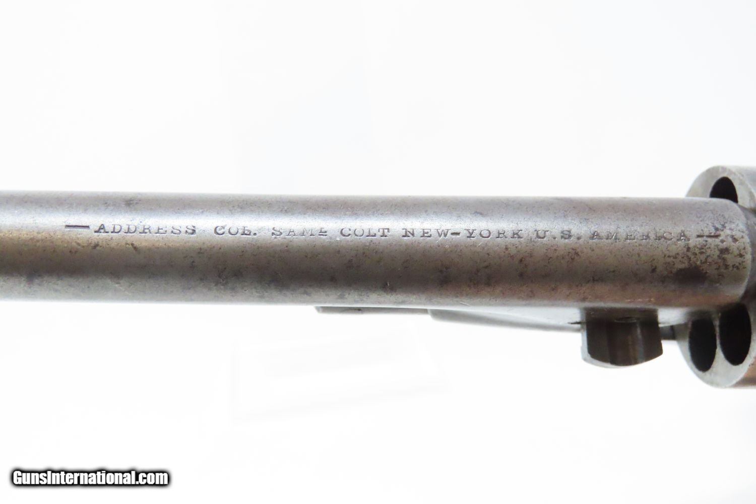 Description: 1861 Antique CIVIL WAR COLT Model 1860 ARMY .44 Caliber Percussion REVOLVER 4-Screw Civil War Production Here we present an antique Colt U.S. Model 1860 Army Percussion Revolver, made in 1861 in Hartford, Connecticut. The 1860 Army was the single most used pistol of the American Civil War. Over 200,000 were made from 1860 to 1873, and 156,000 of those were made by the end of the war in 1865. These were excellent sidearms for officers, cavalry, infantry, and artillery troops. The 1860 Army was Samuel Colt’s finest achievement to that point, having finally developed a large caliber revolver that weighed about 2 lbs. 10 oz. to the famous Dragoon’s 4 lbs. 4 oz., and was adopted en masse by the U.S. government with huge contracts. The revolver was well balanced in hand and had a long enough barrel to be effective when utilized as a carbine with the attachable shoulder stock. This revolver represented unprecedented firepower from a handgun in the field at the time and was especially suited to Cavalry. The Confederacy, lacking in manufacturing capabilities though they were, managed to produce limited numbers of copies, and battlefield pickups of the 1860 Army were highly coveted. The 1860 Army went on to serve the U.S. military even after the Civil War and into the Indian Wars, until production of Colt’s 1873 Single Action Army created new waves in the revolver market, and again achieved great success in the military and commercial markets. The overall condition is good. Strong action. Good bore. The grip is in good shape with an expected amount of wear. This gun has two set of numbers: the cylinder, barrel, and frame are numbered 24596, while the trigger guard and grip frame are numbered 12610. The wedge is an unnumbered replacement, and the wedge screw is absent. The wedge is tight and there is no movement between barrel and frame. A very affordable example of an early 4-screw 1860 Army by Colt! Own the original! This is a legitimate antique and not a reproduction. Barrel is 8 inches. Caliber: .44 Percussion Overall condition as seen in photos. Very Fast. Very Safe. FREE SHIPPING WORLDWIDE. Delivered directly to your door by express mail! Guaranteed AUTHENTIC & Includes CERTIFICATE OF AUTHENTICITY. ancestryguns $2665 #210821 SOLD Antique: Yes |
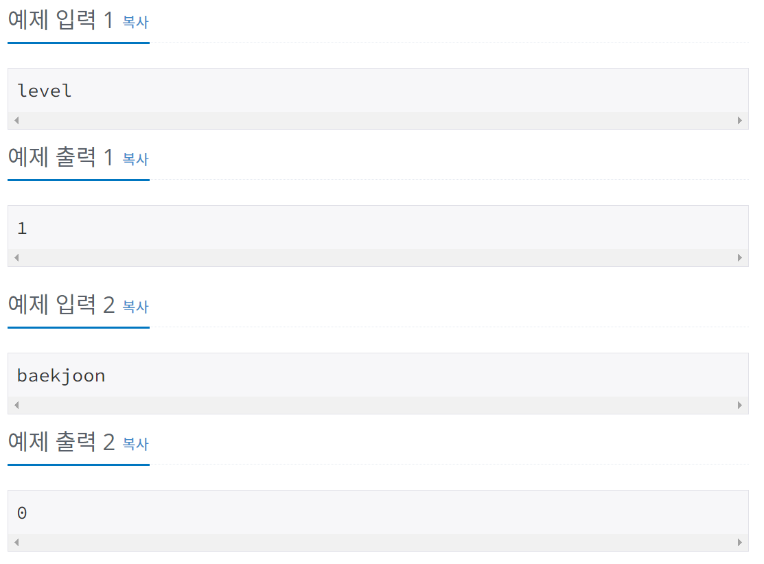 level, noon은 팰린드롬이고, baekjoon, online, judge는 팰린드롬이 아니다.
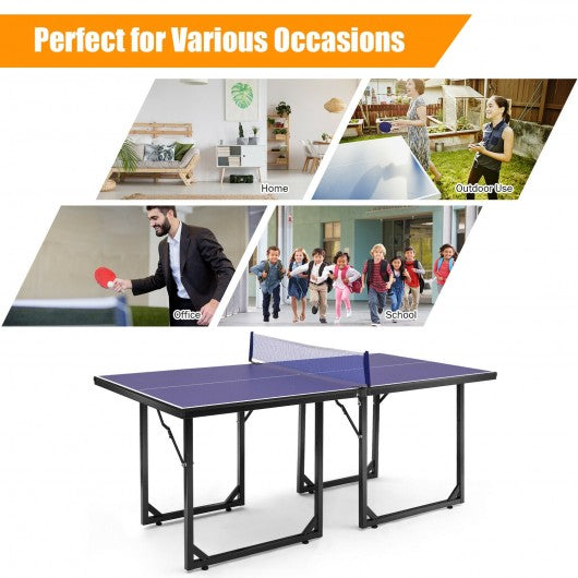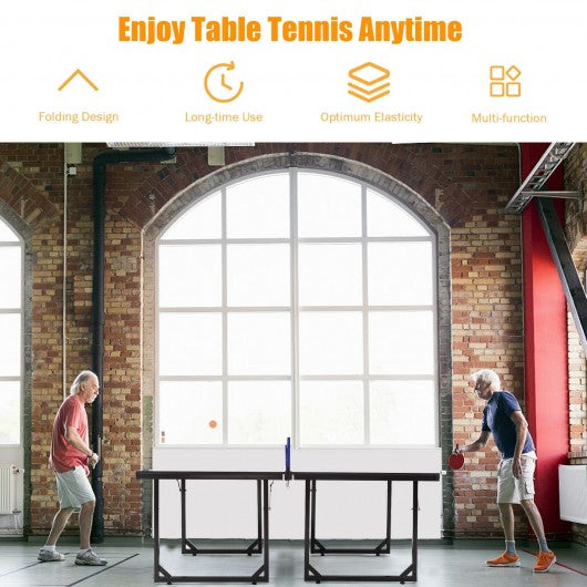 The midsize table tennis table is composed of two independent halves which is suitable for small venues to exercise and entertain. As a fast-paced game table tennis can enhance your hands and eyes coordination reaction time and stamina. If you want to play and have one at home or office this table tennis table can give you a different sense of sports experience. It can easily be folded up and placed upright to save space. It's no need to be installed just simply unpack unfold set up the net set and play. This table tennis table will be your great choice. Don't hesitate to buy one! Two independent halves which can be used alone as a general table Small living areas with little storage space which is convenient to be folded up to save space No assembly - net included just unpack unfold the table legs latch the two halves together and attach the included net then start playing Durable steel frame construction and 1/2 '' thick MDF surface With reinforced legs and 4 rubber grips on the bottom keep things steady The four corners of the tabletop have a corner guard design to reduce the injure caused by collisions Perfect for you or your children to entertain at home

_TASK STATEMENT_
Reproduce the whole listing verbatim. Pictures stay out of the copy.

_FINAL ANSWER_
 Description: 1861 Antique CIVIL WAR COLT Model 1860 ARMY .44 Caliber Percussion REVOLVER 4-Screw Civil War Production Here we present an antique Colt U.S. Model 1860 Army Percussion Revolver, made in 1861 in Hartford, Connecticut. The 1860 Army was the single most used pistol of the American Civil War. Over 200,000 were made from 1860 to 1873, and 156,000 of those were made by the end of the war in 1865. These were excellent sidearms for officers, cavalry, infantry, and artillery troops. The 1860 Army was Samuel Colt’s finest achievement to that point, having finally developed a large caliber revolver that weighed about 2 lbs. 10 oz. to the famous Dragoon’s 4 lbs. 4 oz., and was adopted en masse by the U.S. government with huge contracts. The revolver was well balanced in hand and had a long enough barrel to be effective when utilized as a carbine with the attachable shoulder stock. This revolver represented unprecedented firepower from a handgun in the field at the time and was especially suited to Cavalry. The Confederacy, lacking in manufacturing capabilities though they were, managed to produce limited numbers of copies, and battlefield pickups of the 1860 Army were highly coveted. The 1860 Army went on to serve the U.S. military even after the Civil War and into the Indian Wars, until production of Colt’s 1873 Single Action Army created new waves in the revolver market, and again achieved great success in the military and commercial markets. The overall condition is good. Strong action. Good bore. The grip is in good shape with an expected amount of wear. This gun has two set of numbers: the cylinder, barrel, and frame are numbered 24596, while the trigger guard and grip frame are numbered 12610. The wedge is an unnumbered replacement, and the wedge screw is absent. The wedge is tight and there is no movement between barrel and frame. A very affordable example of an early 4-screw 1860 Army by Colt! Own the original! This is a legitimate antique and not a reproduction. Barrel is 8 inches. Caliber: .44 Percussion Overall condition as seen in photos. Very Fast. Very Safe. FREE SHIPPING WORLDWIDE. Delivered directly to your door by express mail! Guaranteed AUTHENTIC & Includes CERTIFICATE OF AUTHENTICITY. ancestryguns $2665 #210821 SOLD Antique: Yes |
 level, noon은 팰린드롬이고, baekjoon, online, judge는 팰린드롬이 아니다.
 The midsize table tennis table is composed of two independent halves which is suitable for small venues to exercise and entertain. As a fast-paced game table tennis can enhance your hands and eyes coordination reaction time and stamina. If you want to play and have one at home or office this table tennis table can give you a different sense of sports experience. It can easily be folded up and placed upright to save space. It's no need to be installed just simply unpack unfold set up the net set and play. This table tennis table will be your great choice. Don't hesitate to buy one! Two independent halves which can be used alone as a general table Small living areas with little storage space which is convenient to be folded up to save space No assembly - net included just unpack unfold the table legs latch the two halves together and attach the included net then start playing Durable steel frame construction and 1/2 '' thick MDF surface With reinforced legs and 4 rubber grips on the bottom keep things steady The four corners of the tabletop have a corner guard design to reduce the injure caused by collisions Perfect for you or your children to entertain at home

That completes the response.